10.30.2006

37 – A mesa 19, segundo Einstein.

É facto bem sabido, já desde os alvores do século finado, que tudo neste mundo é relativo. Afirmava alguém que não, que isso de ser tudo relativo não é um dado absoluto, pois essas coisas são muito relativas. A contestação vem, paradoxalmente, comprovar a tese original, e fica-nos a certeza de que o velho Einstein descobriu realmente alguma coisa importante. Que coisa poderá ser essa, eis o que desconheço em absoluto, sendo, como sou, um completo ignorante em questões de física. Isso não impede, no entanto, que o tente explicar aqui. Vamos então a isso.

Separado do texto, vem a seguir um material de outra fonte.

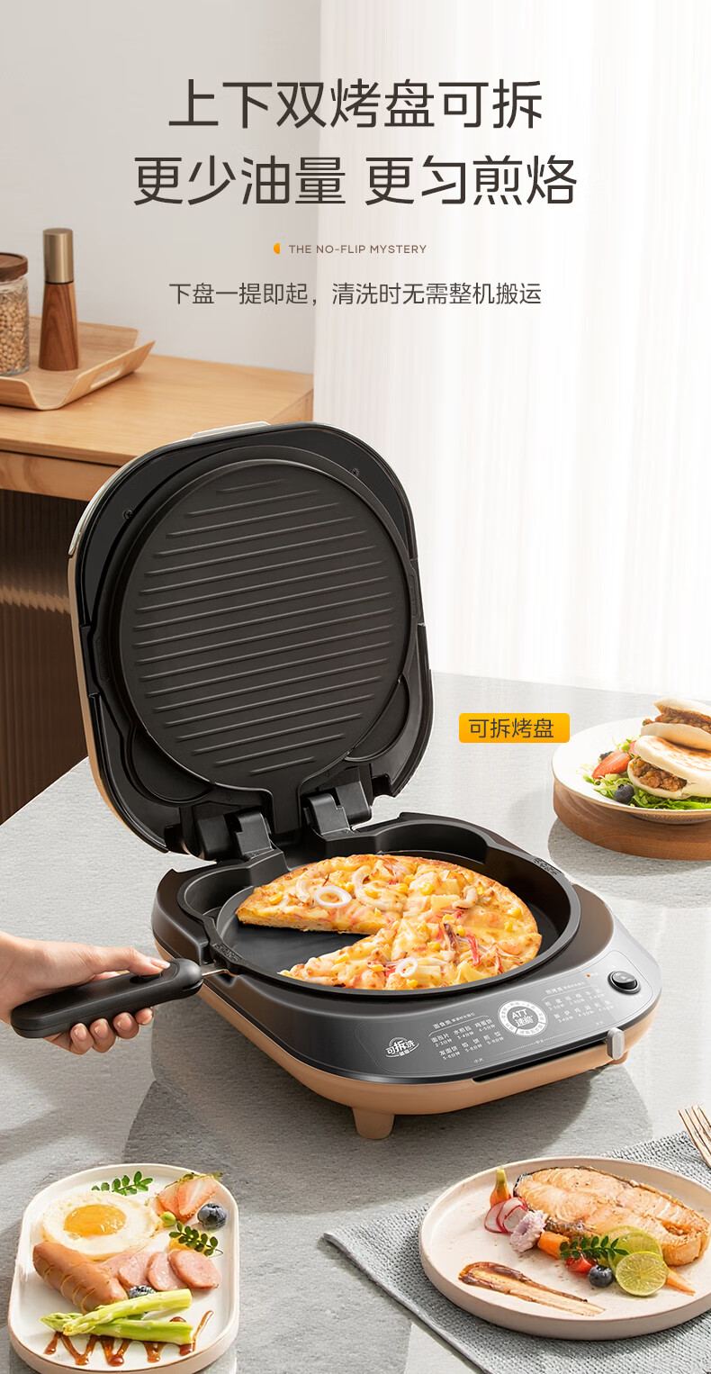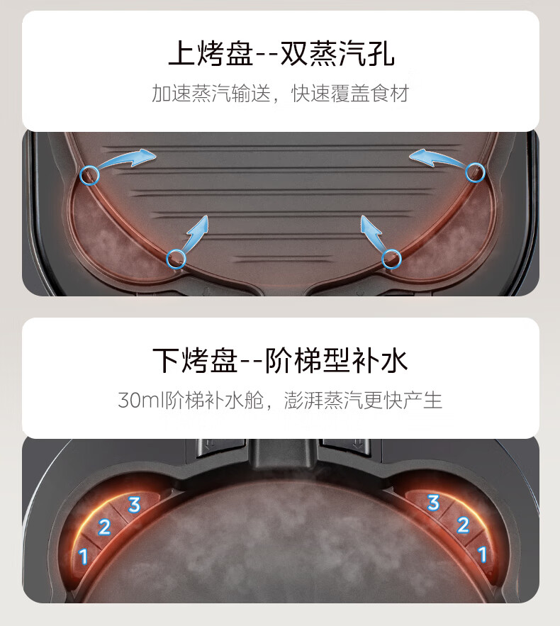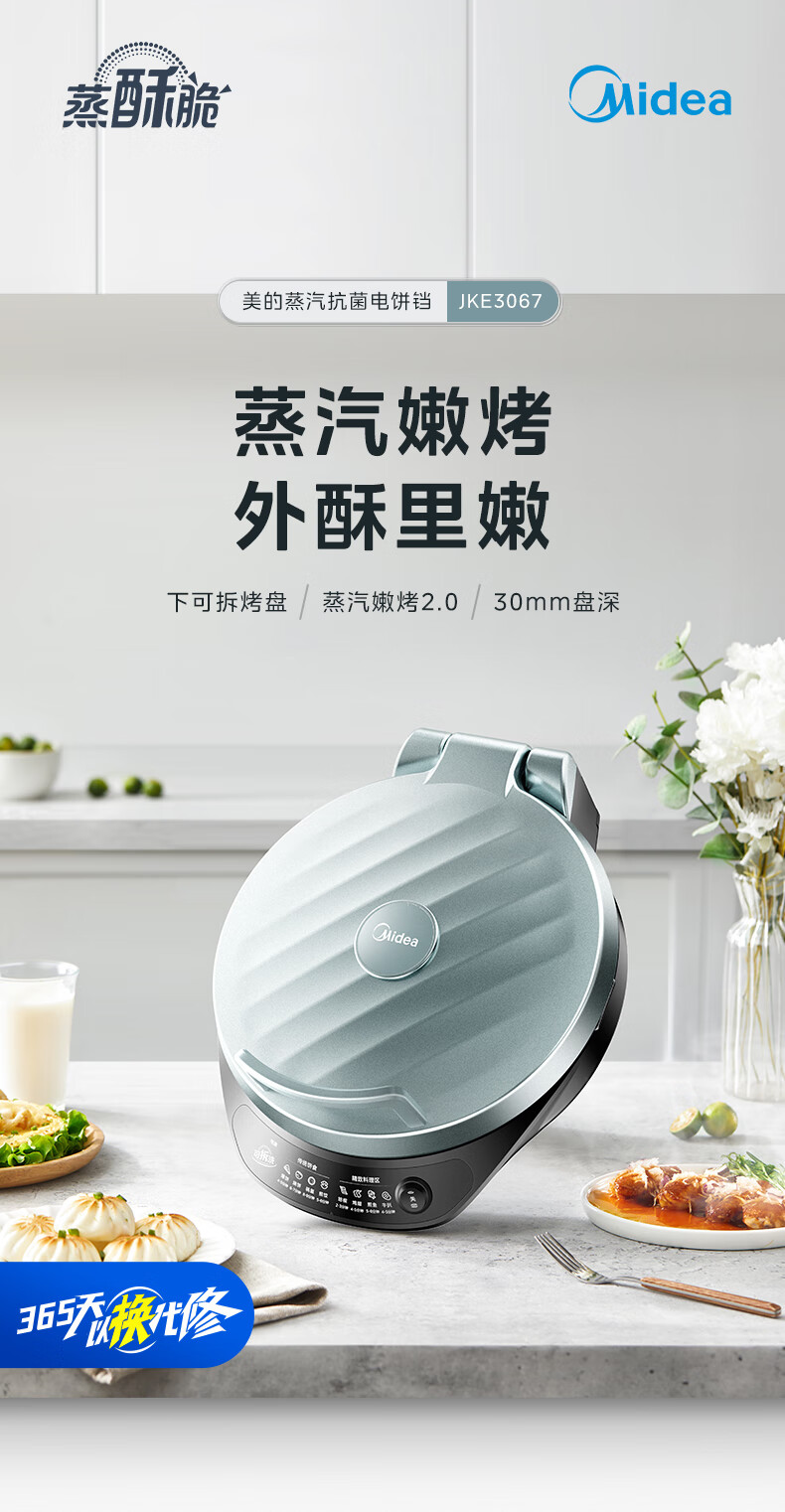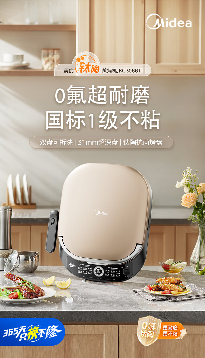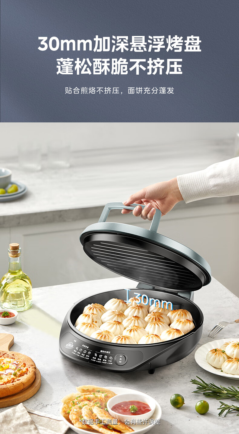 美的(Midea)电饼铛家用双面加热加深大火力上下双盘可拆洗抗菌不粘煎烙饼锅三明治早餐机蒸汽薄饼煎烤机 【31mm加深盘】上下盘可拆洗JKC3066Ti

O que vem a ser, nesse caso, a teoria da relatividade? Bem, trata-se claramente de uma teoria, e aquilo sobre que teoriza é, evidentemente, a relatividade. Consiste esta última em e=mc2, fórmula de miraculosa aplicação a todas as realidades da vida, incluindo a arte de bem apertar o botão das calças. No nosso caso concreto, tem-se que E é a ementa, M a mesa, logo igual a 19, e C2 o quadrado do número de convivas. Conclui-se, portanto, que deveria haver muitos mais pratos disponíveis, em cada almoço, pelo que andamos aqui a perder qualquer coisa. Não é esta a única equação envolvida, de modo nenhum, mas chega para nos dar uma ideia do assunto.

O ponto que aqui nos interessa é o seguinte: a teoria da relatividade dá origem a paradoxos, relacionados com a contracção do espaço e do tempo, aspecto em que é muito semelhante à mesa 19. Como justificar, por exemplo, que a primeira hora passada no restaurante se dilate, ao ponto de nos permitir almoçar e tomar cafés, enquanto o tempo seguinte se contrai, passando à desfilada uma quantidade de minutos gastos em nada? De que forma compreender a complexa geometria espacial de uma mesa que, com quatro lugares, acomoda todo o grupo, enquanto noutras vezes se apresenta com seis, e não bastam? São paradoxos que nem o velho Alberto saberia explicar!

Se a questão do tempo poderia ser eventualmente atribuída às libações alcoólicas do almoço, hipótese que veementemente nego, já a anomalia espacial resulta muito mais difícil de explicar, já que se manifesta logo no início dos trabalhos, antes que qualquer bebida seja consumida. Alguns autores defendem que, para além da quantidade de néctares espirituosos, há a considerar ainda o peso total de marisco presente à mesa. Ora bem, nós costumamos de facto almoçar com uma santola de oitenta quilos, o que é muito marisco, visto sob qualquer ângulo. Será essa a causa dos paradoxos?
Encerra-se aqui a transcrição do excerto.